<<<<

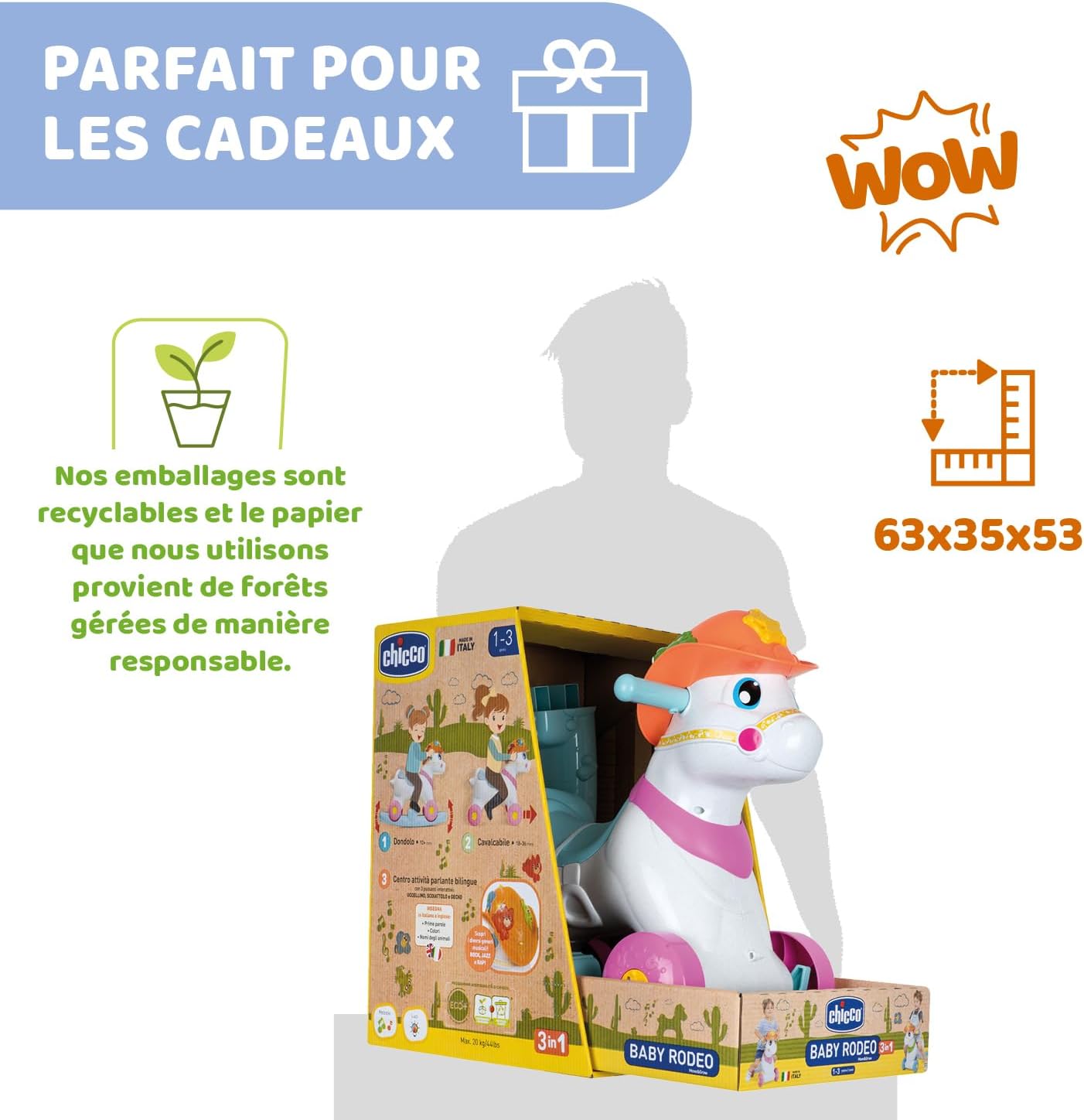 - 2 Modi: 1. Schaukelpferd: für mehr Stabilität 2. Rutscher: Basis entfernen und frei galoppieren
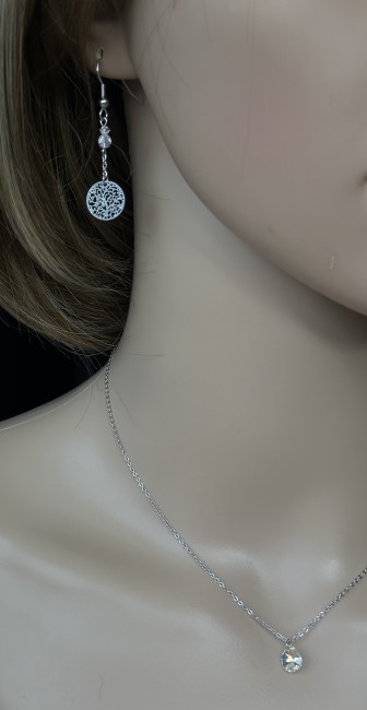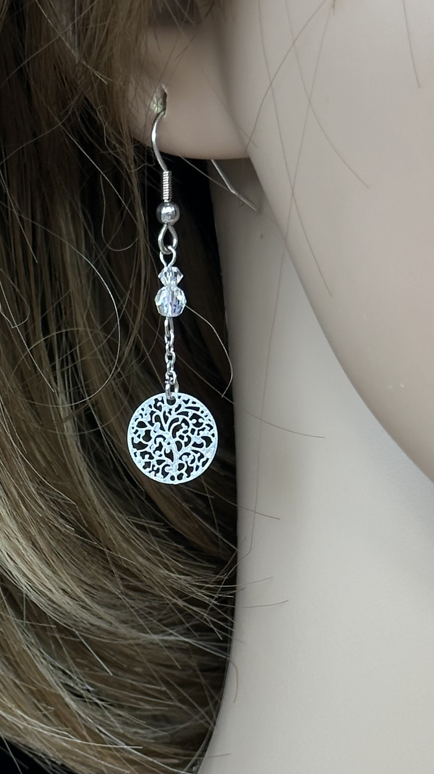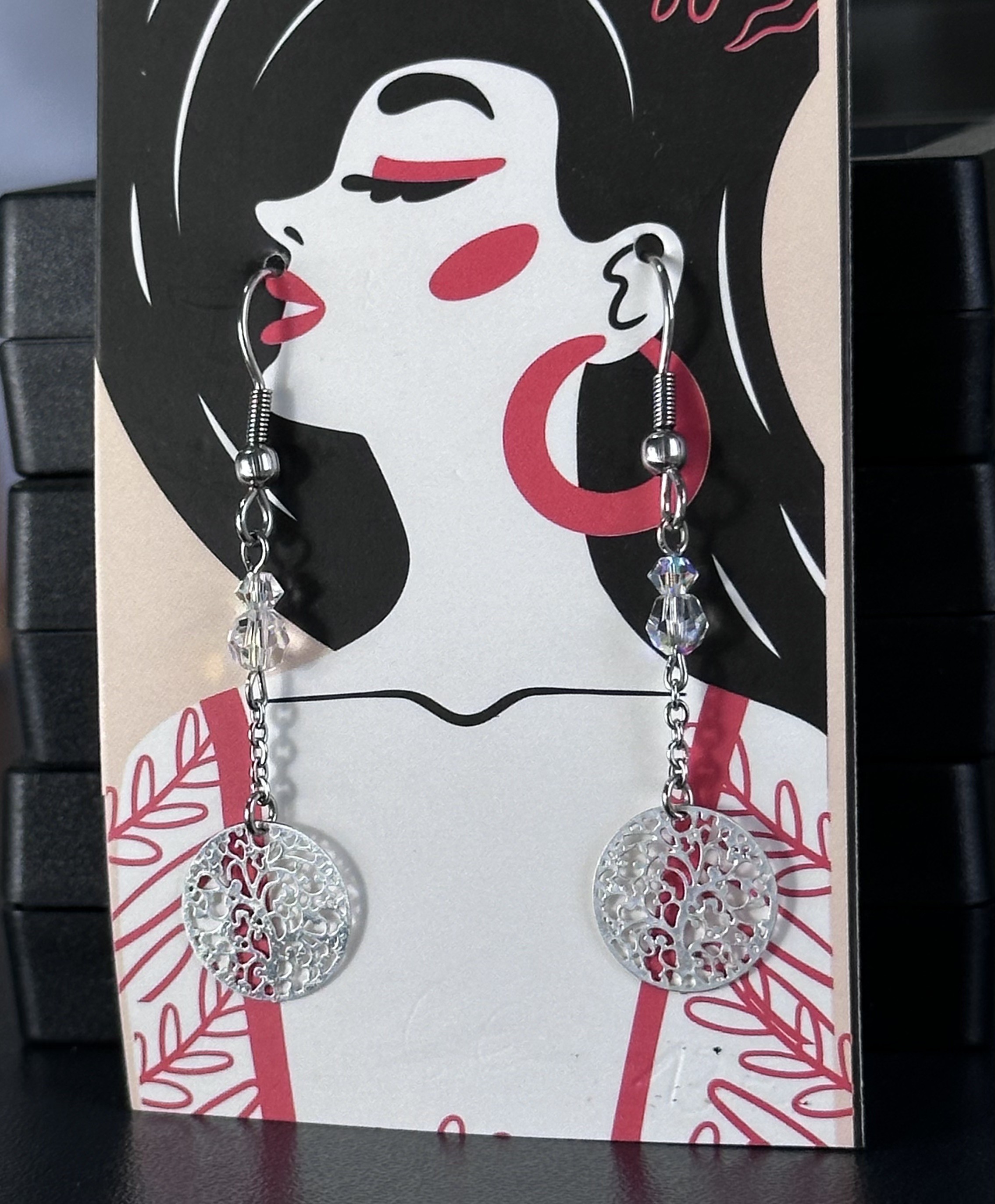 Boucles d'oreilles réalisées avec des crochets en acier inoxydable, des perles en cristal et une petite estampe arbre de vie en métal argenté.
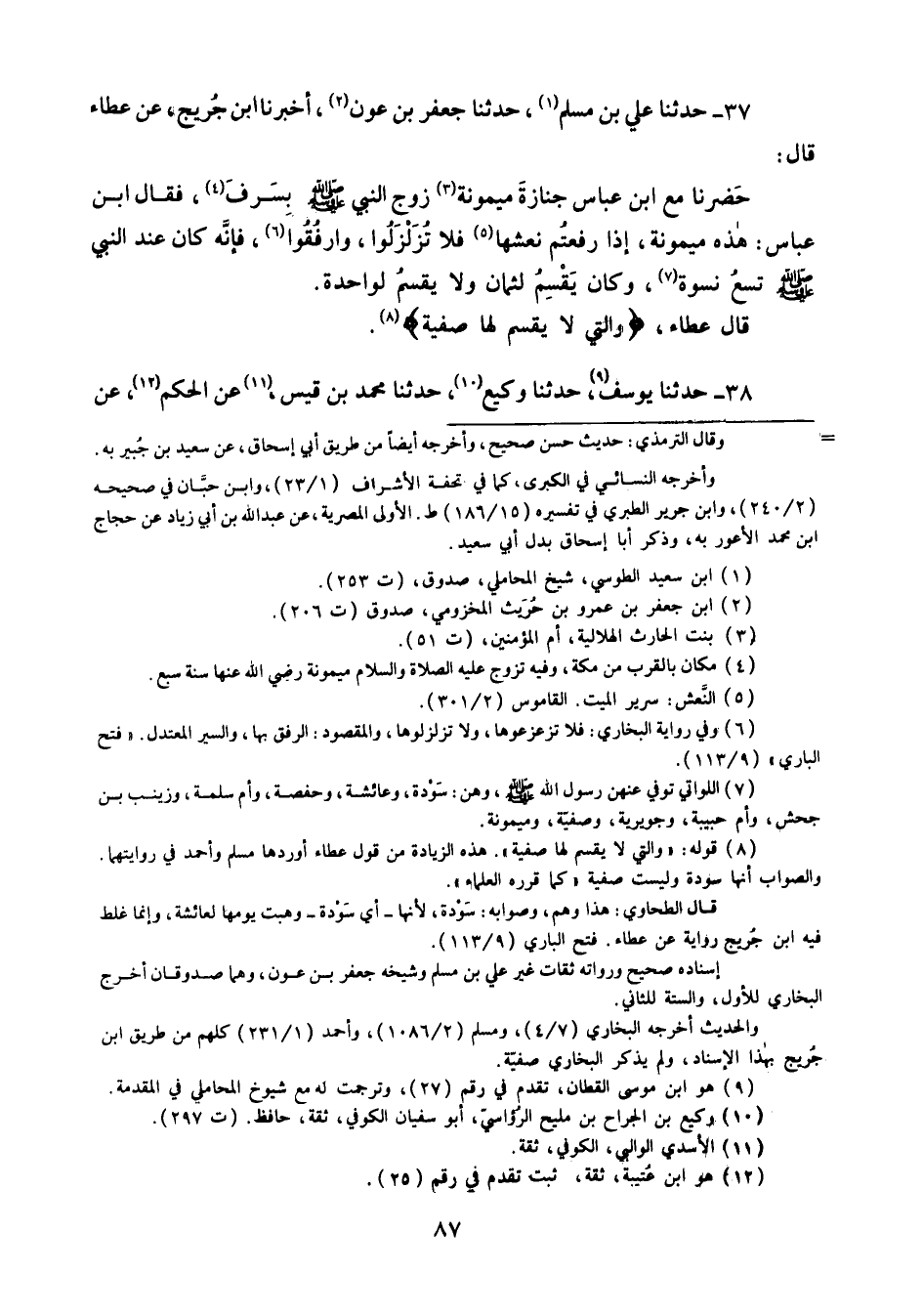 37 - حَدَّثَنَا عَلِيُّ بْنُ مُسْلِمٍ، حَدَّثَنَا جَعْفَرُ بْنُ عَوْنٍ، أَخْبَرَنَا ابْنُ جُرَيْجٍ، عَنْ عَطَاءٍ قَالَ: حَضَرْنَا مَعَ ابْنِ عَبَّاسٍ جِنَازَةَ مَيْمُونَةَ زَوْجِ النَّبِيِّ صَلَّى اللهُ عَلَيْهِ وَسَلَّمَ بِسَرِفَ، فَقَالَ ابْنُ عَبَّاسٍ: «§هَذِهِ مَيْمُونَةُ إِذَا رَفَعْتُمْ نَعْشَهَا , فَلَا تُزَلْزِلُوا , وَارْفُقُوا فَإِنَّهُ» كَانَ عِنْدَ النَّبِيِّ صَلَّى اللهُ عَلَيْهِ وَسَلَّمَ تِسْعُ نِسْوَةٍ , وَكَانَ يَقْسِمُ لِثَمَانٍ , وَلَا يَقْسِمُ لِوَاحِدَةٍ " قَالَ عَطَاءٌ: وَالَّتِي لَا يَقْسِمُ لَهَا صَفِيَّةُ

>>>>

About this task: Return the lines above exactly; the images are not part of the copy.

Answer to this task:
 - 2 Modi: 1. Schaukelpferd: für mehr Stabilität 2. Rutscher: Basis entfernen und frei galoppieren
 Boucles d'oreilles réalisées avec des crochets en acier inoxydable, des perles en cristal et une petite estampe arbre de vie en métal argenté.
 37 - حَدَّثَنَا عَلِيُّ بْنُ مُسْلِمٍ، حَدَّثَنَا جَعْفَرُ بْنُ عَوْنٍ، أَخْبَرَنَا ابْنُ جُرَيْجٍ، عَنْ عَطَاءٍ قَالَ: حَضَرْنَا مَعَ ابْنِ عَبَّاسٍ جِنَازَةَ مَيْمُونَةَ زَوْجِ النَّبِيِّ صَلَّى اللهُ عَلَيْهِ وَسَلَّمَ بِسَرِفَ، فَقَالَ ابْنُ عَبَّاسٍ: «§هَذِهِ مَيْمُونَةُ إِذَا رَفَعْتُمْ نَعْشَهَا , فَلَا تُزَلْزِلُوا , وَارْفُقُوا فَإِنَّهُ» كَانَ عِنْدَ النَّبِيِّ صَلَّى اللهُ عَلَيْهِ وَسَلَّمَ تِسْعُ نِسْوَةٍ , وَكَانَ يَقْسِمُ لِثَمَانٍ , وَلَا يَقْسِمُ لِوَاحِدَةٍ " قَالَ عَطَاءٌ: وَالَّتِي لَا يَقْسِمُ لَهَا صَفِيَّةُ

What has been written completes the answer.